China stock market: Consumer staples, healthcare and IT firms lift China stocks

SHANGHAI: China stocks closed up on Friday as consumer staples, information technology and healthcare firms gained, while the real estate sector witnessed its worst week since February 2018 on a planned tax scheme.

The blue-chip CSI300 index rose 0.9%, to 4,908.77, while the Shanghai Composite Index gained 0.8% to 3,547.34 points.

For the week, the CSI300 index lost 1%, the most in five weeks.
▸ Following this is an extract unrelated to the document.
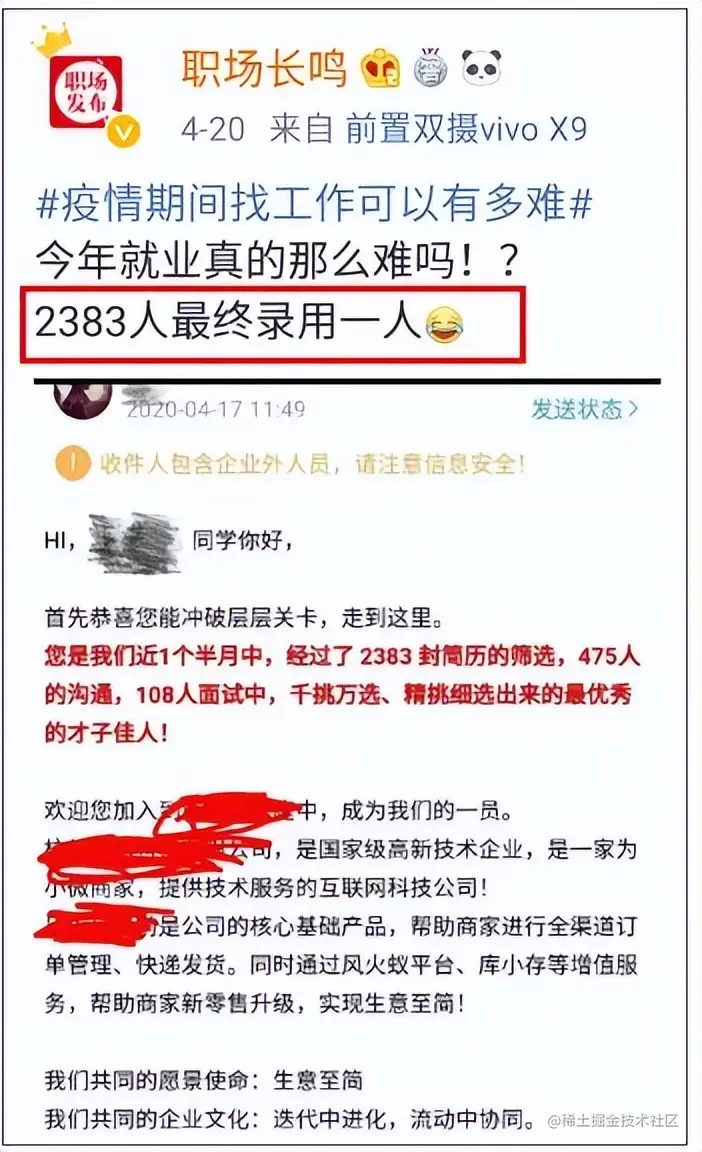 在一个招聘网站上有一个常规的职位,应聘的人竟然有2383人,但只录取一个人。

The Shanghai Composite Index shed 1%, the biggest weekly decline in one month.

The tech-focused STAR50 Index finished up nearly 3%.

Shares in consumer staples, information technology and healthcare gained between 1.6% and 2.2%.
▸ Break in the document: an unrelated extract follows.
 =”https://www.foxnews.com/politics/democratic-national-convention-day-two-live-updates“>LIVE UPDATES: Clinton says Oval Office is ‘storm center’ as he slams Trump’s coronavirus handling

The media sub-index surged 3.5%, fuelled by the theme of “Metaverse”.

Facebook Inc is now called Meta, the company said on Thursday, in a rebrand that focuses on building the “metaverse”, a shared virtual environment that it bets will be the successor to the mobile internet.

Shares of Chinese real estate firms dropped for a fifth straight session, losing 3.5%.

For the week, they were down 11.5%, the most since February 2018.

A planned pilot real-estate tax scheme dented risk appetite in the sector while rating agencies downgraded more Chinese developers.

“We anticipated further earnings estimate reductions through the 3Q results season, due to sustained PPI inflation, power shortages, and Delta-variant Covid outbreaks,” Morgan Stanley analysts said in a note.

They added that the relaxation of liquidity in the equity market is unlikely to happen until the end of this year, if not later.